■ What the task requires
The part below that opens with the line containing "Color: piecesWNI pure" and closes with the line containing "2X(12Pcs Candy Kettles" should be copied exactly, minus any pictures.

■ Records for this task

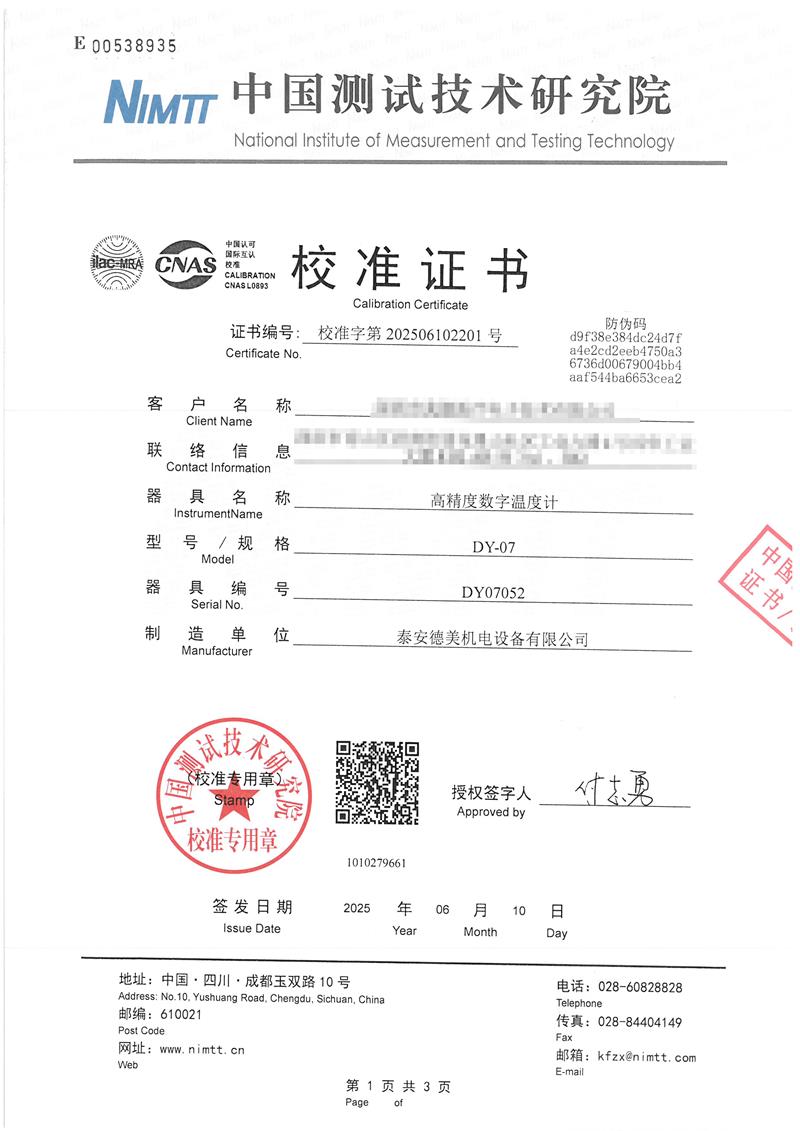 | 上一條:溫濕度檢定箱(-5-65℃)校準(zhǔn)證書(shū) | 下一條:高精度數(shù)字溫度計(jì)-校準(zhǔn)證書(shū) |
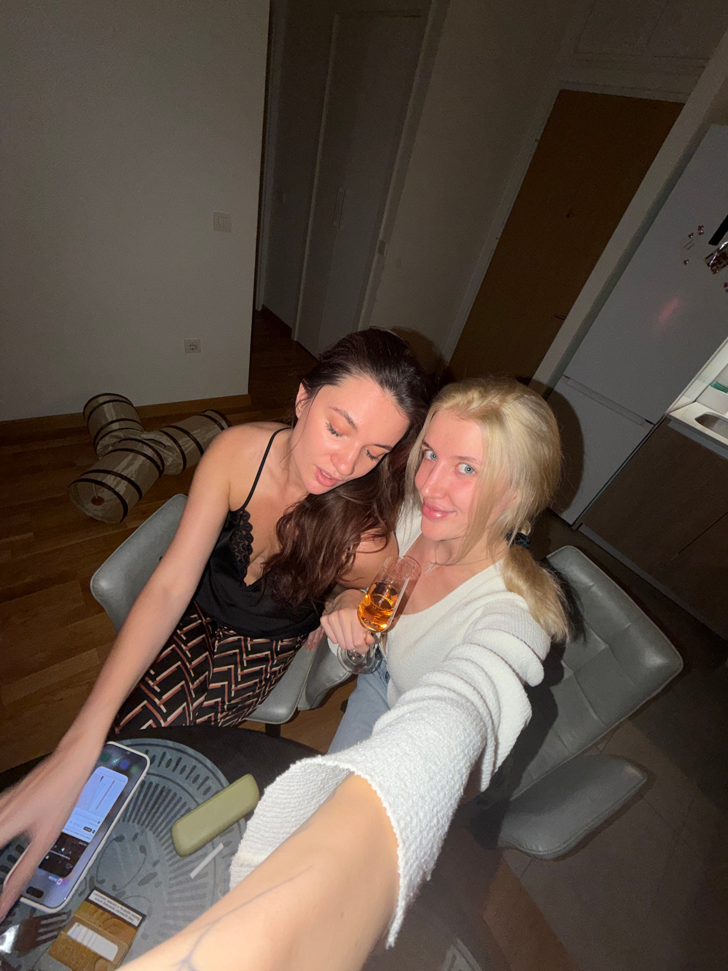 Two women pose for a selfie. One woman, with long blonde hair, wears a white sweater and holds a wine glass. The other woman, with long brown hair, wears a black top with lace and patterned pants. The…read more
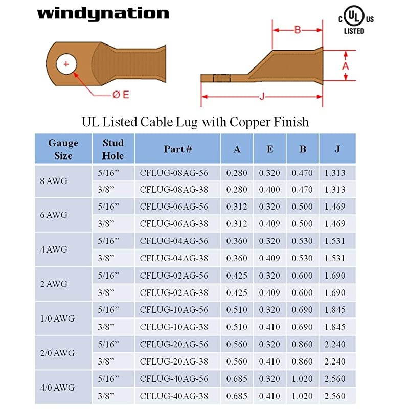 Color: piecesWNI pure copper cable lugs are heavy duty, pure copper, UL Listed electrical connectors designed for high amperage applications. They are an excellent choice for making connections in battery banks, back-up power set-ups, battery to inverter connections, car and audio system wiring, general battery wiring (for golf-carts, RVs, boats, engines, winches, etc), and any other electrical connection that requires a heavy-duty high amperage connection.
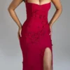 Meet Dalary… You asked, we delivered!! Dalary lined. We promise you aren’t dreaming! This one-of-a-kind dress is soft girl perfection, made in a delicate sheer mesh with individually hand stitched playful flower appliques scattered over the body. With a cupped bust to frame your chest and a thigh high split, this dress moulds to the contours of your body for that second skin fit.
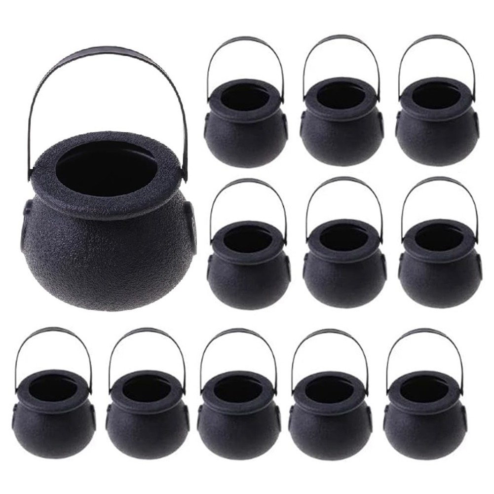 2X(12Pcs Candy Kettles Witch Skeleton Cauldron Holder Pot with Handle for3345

---

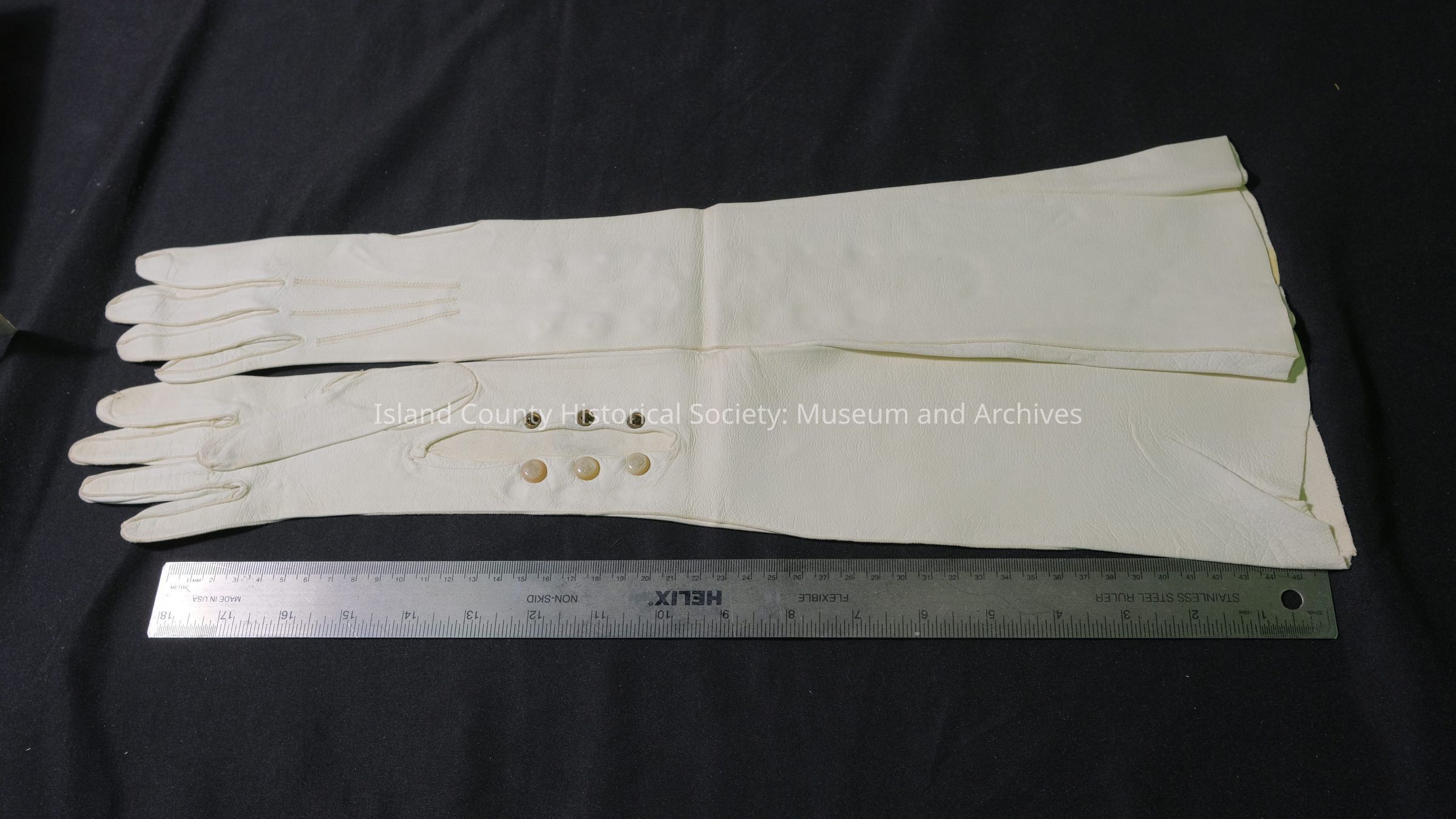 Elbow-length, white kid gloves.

■ Completed task
 Color: piecesWNI pure copper cable lugs are heavy duty, pure copper, UL Listed electrical connectors designed for high amperage applications. They are an excellent choice for making connections in battery banks, back-up power set-ups, battery to inverter connections, car and audio system wiring, general battery wiring (for golf-carts, RVs, boats, engines, winches, etc), and any other electrical connection that requires a heavy-duty high amperage connection.
 Meet Dalary… You asked, we delivered!! Dalary lined. We promise you aren’t dreaming! This one-of-a-kind dress is soft girl perfection, made in a delicate sheer mesh with individually hand stitched playful flower appliques scattered over the body. With a cupped bust to frame your chest and a thigh high split, this dress moulds to the contours of your body for that second skin fit.
 2X(12Pcs Candy Kettles Witch Skeleton Cauldron Holder Pot with Handle for3345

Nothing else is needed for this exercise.